Westdeutsche Zeitung


Igor Stravinsky  

“I date the start of work on Oedipus Rex to September 1925, but at least five years before that I felt the need to compose a large-scale dramatic work. Returning at the time from Venice to Nice in September, I stopped in Genoa to refresh my memories of the town, where in 1911 I celebrated my fifth wedding anniversary. It was here in a kiosk selling books that I found a volume about the life of Francis of Assisi, which I bought and read that very evening. It is due to this reading that I owe the birth of the idea, albeit in ill-defined forms, that had often appeared to me ever since I had become déraciné. The idea was that the text used in the music could acquire monumental status by means, so to speak, of reverse translation, from the secular to the sacred...
“The decision to create a work after the tragedy by Sophocles followed soon after my return to Nice, and the choice was made. I needed a subject that was all-human or, at the very least, well known enough so as not to need a detailed interpretation. I wished to leave the piece as such in the background, thinking that in this way I could extract its dramatic essence and liberate myself in order to be more focussed on the purely musical dramatisation...
“My second idea was that the actors should be contoured and stand above – each of them raised up behind the chorus.

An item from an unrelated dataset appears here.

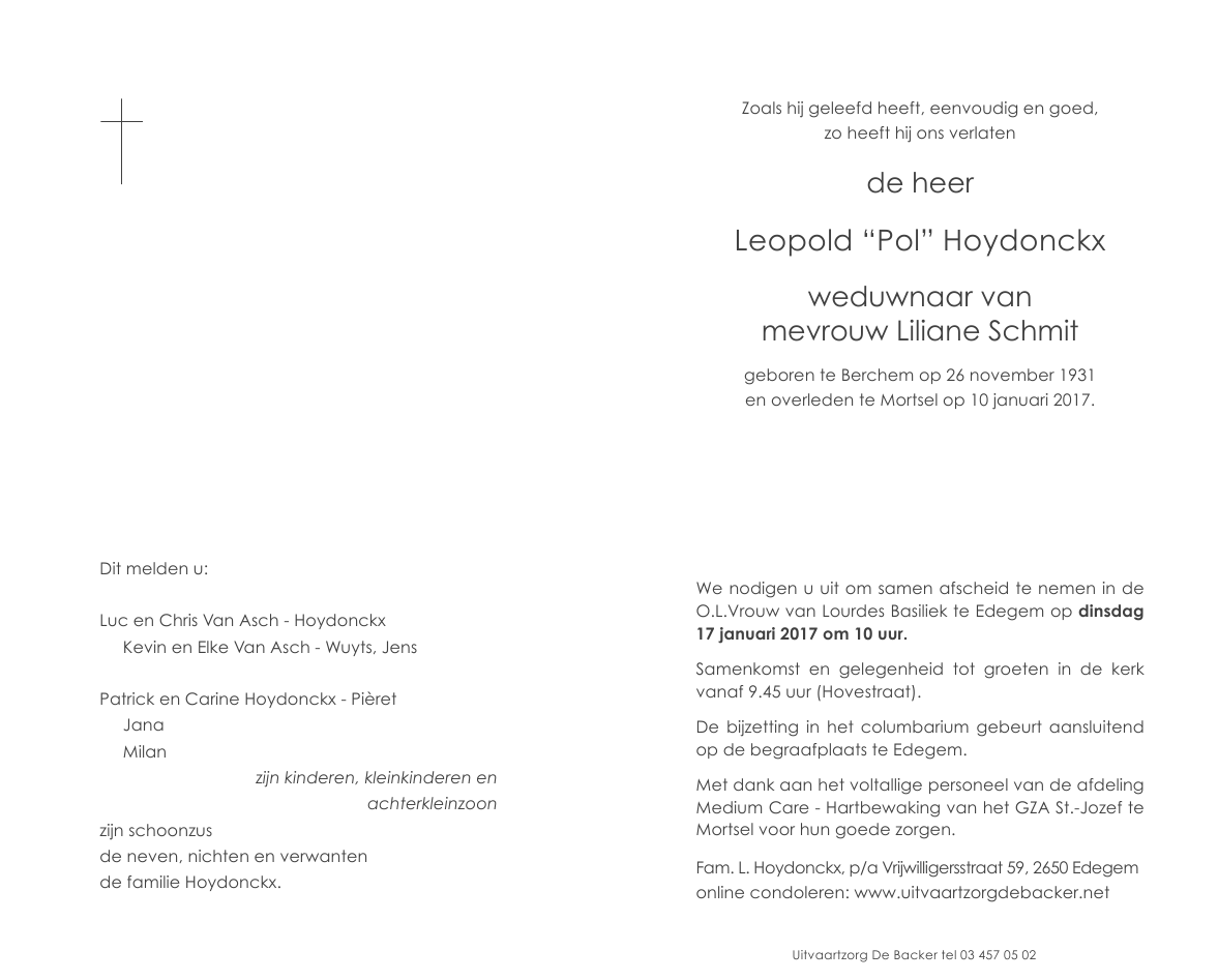 Overleden te Mortsel (2640) op dinsdag 10 januari 2017 op 85-jarige leeftijd

But “actors” is the wrong word. No-one here is “acting”, the only one who moves at all is the narrator, and then only to underline his own unique status from that of the other characters on stage. Oedipus Rex may or may not be considered as an opera because of its musical content, but it is certainly not operatic in terms of movement.”
Igor Stravinsky


Schoenberg wrote of Stravinsky’s Oedipus Rex that “Here everything is inside out: an unusual piece of theatre, an unusual production, an unusual denouement, unusual vocal writing, an unusual vertical, unusual counterpoint and unusual instrumentation.” These words of the musician – the founder of the most radical school of composition of its time – encompassed a widely held view of the work. Things truly were not as they appeared to be. Stravinsky, for whom turning everything upside down became his principal creative method, created an opus where the “upside down” was the idea of an operatic work in itself. For centuries, composers – Stravinsky’s predecessors – had despaired at the laws of the genre, and developed styles and forms that allowed opera to emerge from the “mould” of an ancient tragedy (as its inventors Peri and Caccini had envisioned it in the late 16th century) and become a genuine musical drama. Stravinsky takes the reverse path: the broadly accepted attributes of drama (meaning the protagonists, their relationships and the subject) serve as a means of playing with the forms, styles and laws themselves of the genre. For his material, he selected 17th century opera (largely Handel) and Verdi.
Oedipus Rex is “an opera about opera”, “a play about a play”, but that’s not where it ends. Returning to ancient tragedy, Stravinsky returns to the fundamental problem of the thinkers of the ancient world – the problem of Fate. And thanks to this ambiguous viewpoint, it towers mightily in all its glory.
Yekaterina Yusupova

Родион Щедрин  

“I wrote the Fifth Piano Concerto with ease, effortlessly. I only sweated a bit from the second cadence in the finale. If the degree of virtuoso effectiveness is insufficient, then the entire work can ‘sink’. I knew that well.
“Olli Mustonen performed the concerto and this head-spinning cadence brilliantly. And so the baton was passed to Denis Matsuev, and there followed a storm of applause. It would appear that the concerto can show the pianist in a good light. If… it is played well, of course.”